Natural gas from the Deep Panuke field off the coast of Nova Scotia could have gained a strong foothold in New England during the past few years—if the gas had started flowing in 2010, as had been the plan. New England, with its shift to gas-fired power generation and its wintertime heating needs, surely has needed the gas; it still does. Today, with the first Deep Panuke gas finally expected to come ashore in the next few weeks, we ask, can the new gas from Nova Scotia push its way into New England, or will the coming influx of Marcellus gas into the six-state region push Deep Panuke gas back across the border?
In this Part 1 of our two-part series, we examine how the Deep Panuke discovery once was viewed as the next big thing for New England gas supply, and as a follow-up to the Sable Island Offshore Project (SIOP)—also off Nova Scotia—which was the first to utilize the Maritimes & Northeast pipeline into New England. We also look at why it has taken so long to get Deep Panuke gas flowing, and how gas-market dynamics in New England have changed during that years-long delay. In Part 2, we will consider what might happen as the new southward flow of Deep Panuke gas collides with the opposing flows of Marcellus gas—through beefed-up Algonquin Gas Transmission (AGT) and Tennessee Gas Pipeline (TGP) networks—to New England.
The development of the Deep Panuke gas field has been in the works for a long time—many years before it became apparent that new techniques for economically extracting shale gas from the Marcellus, Utica and other plays would transform the North American gas supply situation, particularly in the northeastern U.S. (see The Marcellus Changes Everything). Shell was the first to explore the Deep Panuke region, starting in the late 1980s. PanCanadian followed in the 1990s, and in 1998 its PP-P3 discovery well made it clear Deep Panuke was worth developing. PanCanadian merged with Alberta Energy to form EnCana in 2002, and that same year EnCana got the regulatory go-ahead for a $1 billion project that would deliver up to 400 MMcf/d from Deep Panuke reserves estimated at about 900 Bcf. In 2003, however, EnCana asked for and received a regulatory time-out, and for the next three years it reevaluated—and ultimately scaled down—the project. The new $700 million plan, which received regulatory approval in 2007, called for delivering up to 300 MMcf/d, probably for a period of about 13 years. The first gas, as we said, was supposed to start flowing more than three years ago, but one setback after another pushed that start date back again and again, most recently to sometime this quarter. (The delay also has pushed up the project’s price tag, to $1 billion.) As EnCana put it in a July 24, 2013 statement, the project is now “in the final steps to achieving first gas. Final commissioning is taking place offshore. Gas will be introduced from the wells to the platform following final commissioning.

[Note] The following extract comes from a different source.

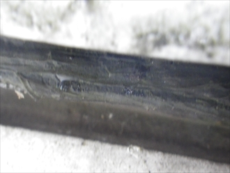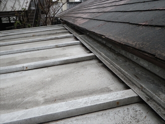ちょっと分かりにくいのですが、軒先部分を雨樋の隙間から撮りました。軒先水切りがコーキングでべっとりと塞がっています。雨押えから入った雨水が屋根材の裏側を回って軒先で出るのかと思いきや、コーキングで塞がってしまっているので、溜まってしまっているのが今の状態です。雨水によって野地板が傷んでしまっているので、一度瓦棒を剥がしてから葺き替え工事が必要です。主屋のスレート部分は傷みが激しいので合わせて葺き替え工事をご提案しました。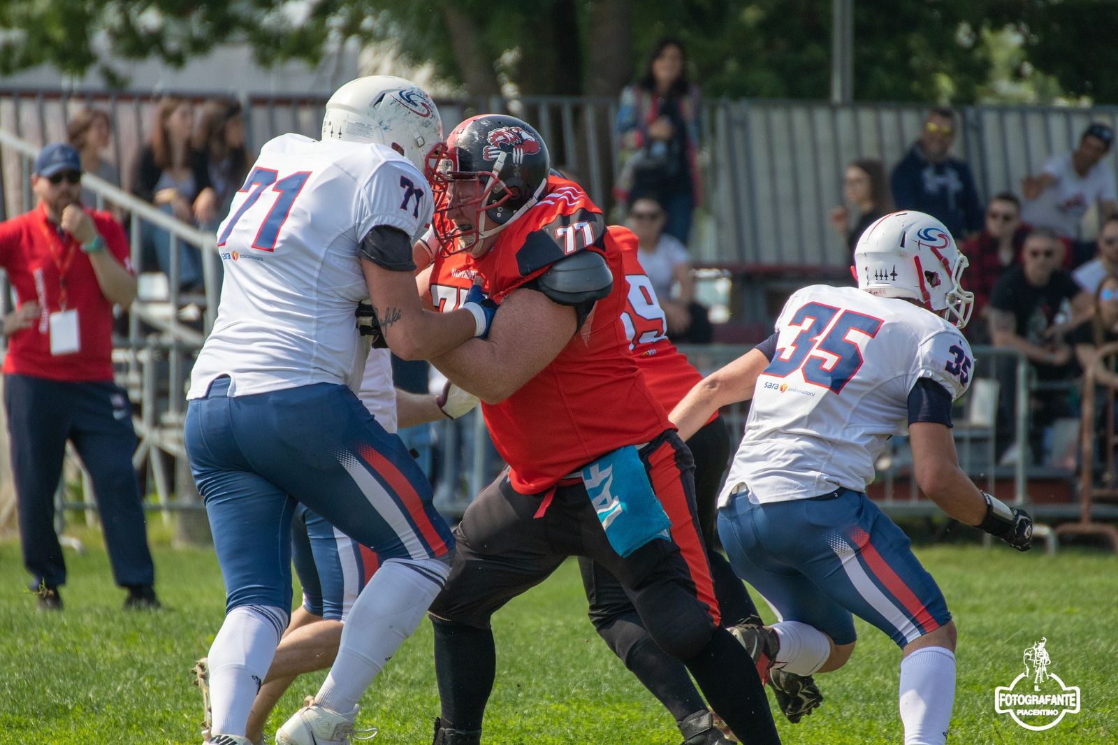 «Non ho mai saltato una partita in tutti questi anni, forse qualche allenamento per un’operazione al naso... sapete, qui si danno e si prendono delle botte! Scherzi a parte, sempre presente, anche con costole incrinate o dita spiegazzate. Per me il football è un amore. Mettere l’armatura, andare in campo tutti insieme, è come essere cavalieri medievali. Si combatte, si soffre e si gioisce insieme. Emozioni così non le trovi da nessun’altra parte».

Deep Panuke is a gas-supply follow-up to SIOP, whose production started in 1999, peaked only nine years later, and is now in decline. But the two are step-sisters, chemically speaking. SIOP gas, whose production started in 1999 but has ramped down dramatically in recent years, is sweet and wet--rich with natural gas liquids--and is processed onshore at Goldboro, Nova Scotia. Deep Panuke gas, meanwhile, is sour and dry, and will be processed on the platform; when the gas makes landfall it will be good-to-go for marketing. Repsol--the Spanish oil and gas company, eager to expand into the northeastern U.S.--in 2009 contracted to buy all of EnCana’s Deep Panuke gas: up to 300 MMbcf/d for the life of the project. Repsol also owns 75% of Canaport, the LNG import terminal in Saint John, New Brunswick, which has the capacity to produce up to 1.2 Bcf/d from LNG but which has been operating at much lower levels because gas prices in North America are much lower than in Asia and Europe, discouraging imports. (Irving Oil owns the other 25% of Canaport.) SIOP gas and gas converted from LNG at Canaport flows through the Canadian portion of the Maritimes & Northeast Pipeline to help to meet the needs of gas consumers in Nova Scotia and New Brunswick. Some gas also flows south in the 800 MMcf/d U.S. portion of Maritimes & Northeast, which runs from the Canadian border at Calais, Maine, to Wells, Maine, where the pipeline merges with the Portland Natural Gas Transmission System (PNGTS) pipeline to form a joint, 100-mile, 600 MMcf/d pipeline through southern New Hampshire to Dracut, in northeastern Massachusetts (see Figure 1). (An aside of sorts: In 2003, the PNGTS pipeline, which runs from northern New Hampshire to Wells and was originally intended to bring gas south from Quebec, was reworked to provide bidirectional service—the idea being to enable SIOP gas to make its way to Quebec as well as to Boston, the largest city in New England.)